- DIRECTIONS FOR THIS TASK -
Transcribe the entries below exactly, starting with the line that has "ASAYA2718 New Retro" and stopping after the line that has "Однорычажный смеситель для"; no pictures belong in the copy.

- DATA FOR PROCESSING -

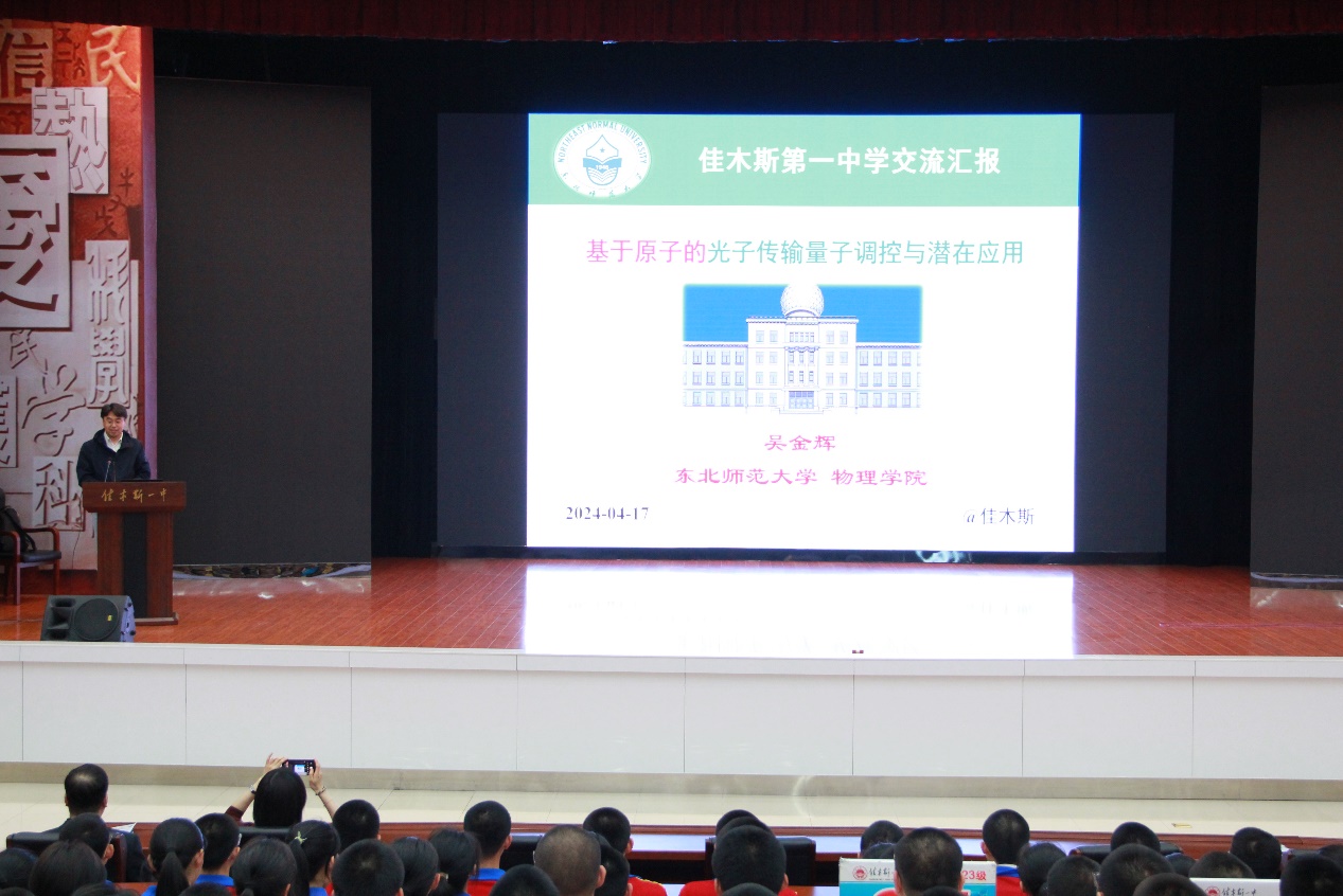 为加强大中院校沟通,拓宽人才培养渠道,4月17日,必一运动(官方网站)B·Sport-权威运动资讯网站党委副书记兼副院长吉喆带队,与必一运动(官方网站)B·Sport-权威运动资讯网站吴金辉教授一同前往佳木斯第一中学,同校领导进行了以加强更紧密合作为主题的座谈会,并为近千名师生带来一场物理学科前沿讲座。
==
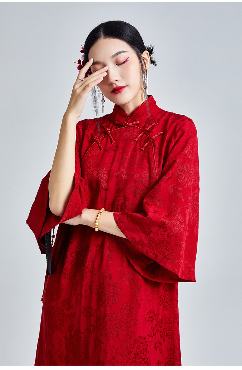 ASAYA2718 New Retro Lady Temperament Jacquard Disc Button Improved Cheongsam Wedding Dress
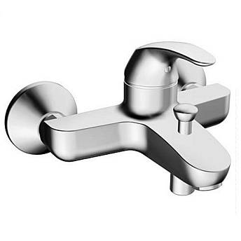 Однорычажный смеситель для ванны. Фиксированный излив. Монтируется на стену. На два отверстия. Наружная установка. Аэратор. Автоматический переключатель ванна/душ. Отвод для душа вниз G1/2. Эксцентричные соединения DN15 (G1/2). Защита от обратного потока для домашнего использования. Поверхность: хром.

- EXPECTED OUTPUT -
 ASAYA2718 New Retro Lady Temperament Jacquard Disc Button Improved Cheongsam Wedding Dress
 Однорычажный смеситель для ванны. Фиксированный излив. Монтируется на стену. На два отверстия. Наружная установка. Аэратор. Автоматический переключатель ванна/душ. Отвод для душа вниз G1/2. Эксцентричные соединения DN15 (G1/2). Защита от обратного потока для домашнего использования. Поверхность: хром.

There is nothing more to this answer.